Background information
- Born: Craig David Ross March 10, 1964 (age 62)
- Origin: Los Angeles, California, U.S.
- Genres: Rock
- Occupations: Guitarist; songwriter;
- Instruments: Guitar; mandolin; keyboards; percussion;
- Years active: 1986–present
- Labels: MCA; Virgin;
- Formerly of: The Broken Homes
- Spouse: Goya Toledo ​(m. 2014)​
- Website: craigross.net

= Craig Ross =

American guitarist

Craig David Ross (born March 10, 1964) is an American guitarist, best known for his work with singer Lenny Kravitz.

==Early life==
Craig Ross was born and raised in Los Angeles, California. He borrowed a guitar from a neighbor's garage at age eight.
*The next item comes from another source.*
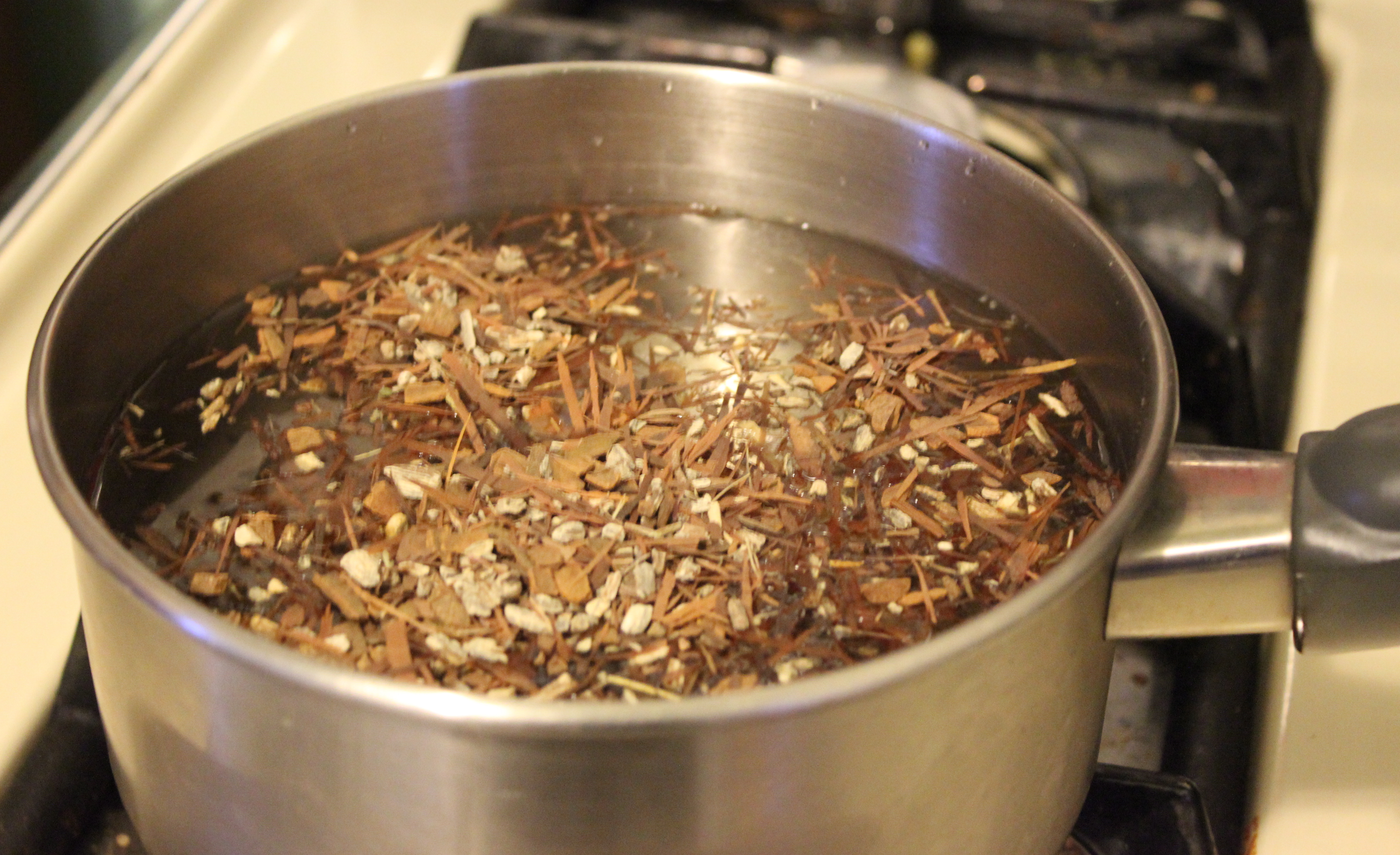 IMG_9143To make the tea (which is actually a decoction), add four to six tablespoons of the herbs to a quart of cold water and bring to a boil.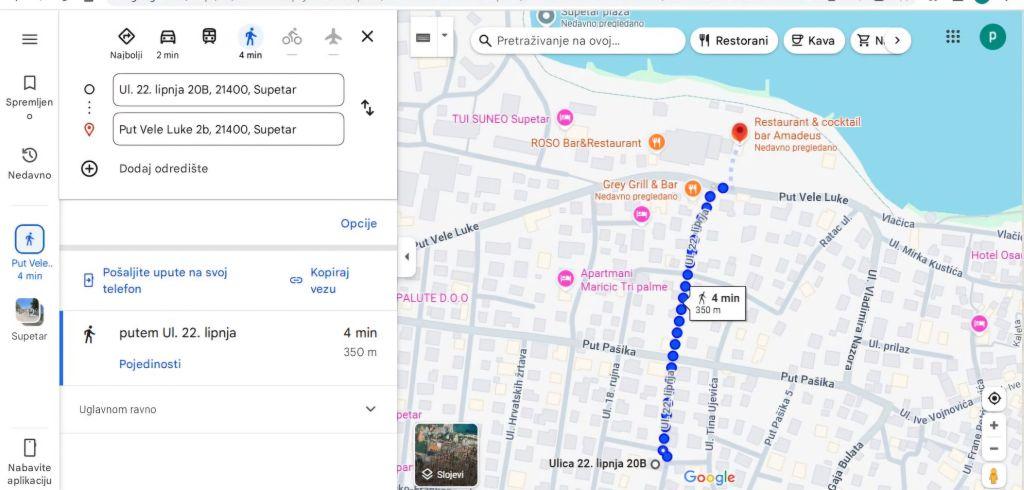 Apartament Lukić znajduje się w Supetar na wyspie Brač, w niezwykle atrakcyjnej, a jednocześnie spokojnej lokalizacji, na zasłużone wakacje. Sam apartament znajduje się w pobliżu nabrzeża i różnych plaż, które ma Supetar. Najbliższa plaża oddalona jest o ok. 250 m, sklep 400 m. Obiekt posiada duży apartament na parterze dla 8 do 10 osób. Mieszkanie jest klimatyzowane, posiada kuchnię, jadalnię, łazienkę, 2 toalety, 4 sypialnie, taras, telewizor i bezpłatne WiFi. W apartamencie znajduje się również grill.

He began playing the music of the Beatles and Chuck Berry, his early influences.

==Career==
By the age of 16, Ross began playing guitar at Los Angeles clubs, and formed the band the Broken Homes c. 1980s; he performed under the stage name Kreg Ross. The band opened for prominent musical acts including Stevie Ray Vaughan, INXS, Jerry Lee Lewis, Guns N' Roses and Jane's Addiction. The Broken Homes signed with MCA Records to release three albums during the 1980s, on which they worked with producers such as Andy Johns. This seminal period gave Ross his start in professional musical work. He describes his musical influences as including Freddie King, Albert King, Jimi Hendrix, and Jimmy Page.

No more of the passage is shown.